Payments received in either the past twelve months or in the most recent full calendar year may be used to estimate the current IIM payments. If the applicant or recipient demonstrates, by furnishing lease documents or reports, that the deposit amount will be substantially different, current payments may be determined by totaling all payments likely to be made in the twelve-month period beginning with the month in which the lease arrangement changed.
Because the first $2000 per year of income received from leasing of privately owned or restricted Indian lands is disregarded as income for individuals who are not residing in LTC facilities, client statement is acceptable verification of the amount in the IIM account unless one of the following applies:
- The balance of the account is more than $2000;
- The client statement information is questionable;
- The deposits include countable income such as inheritances, bonuses, or any other income that is not derived from leases, and trust or restricted lands; or
- The individual resides in a LTC facility.

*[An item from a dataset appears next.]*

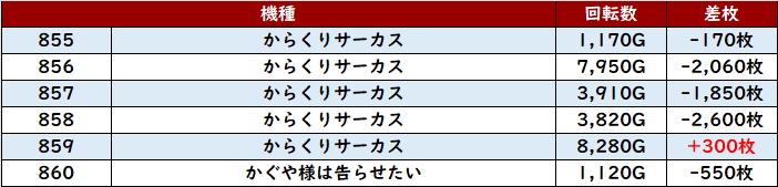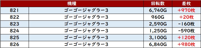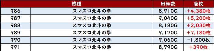 まずは「スマスロ北斗 986~991」が6台中5台がプラス差枚と絶好調!

When additional verification is necessary, the following three options are available:
- A request for verification, using SFN 413, Individual Indian Monies Account. The form must be notarized before it will be accepted by the BIA, and is valid for one year.
- Individuals with IIM accounts receive quarterly statements. A copy of the statement can be requested from the individual.
- The individual may obtain a statement of the individual's IIM account directly from the Office of Trust Funds Management through the BIA by requesting the information in person or by making a telephone request. The individual will need to know the account number and provide at least two forms of identification.
IIM account ledgers have columns for:
- Debit, which is amounts paid out of the account and which do not affect eligibility;
- Credit, which is amounts put into the account. This column is used to establish the amount of countable IIM for the year. Consider all deposits for the twelve-month period being looked at and subtract any per capita payments or judgment funds distributed by the Secretary of the Interior, subtract per capita payments distributed by the local tribe, and subtract other non-lease moneys deposited in the accounts. The remaining balance is the lease payments to which the $2,000 disregard is applied; and
- Balance, which is the amount still in the account. This amount is what is currently in the account and is considered an asset. (This balance may not be available to children under age 18 if they cannot access the account.)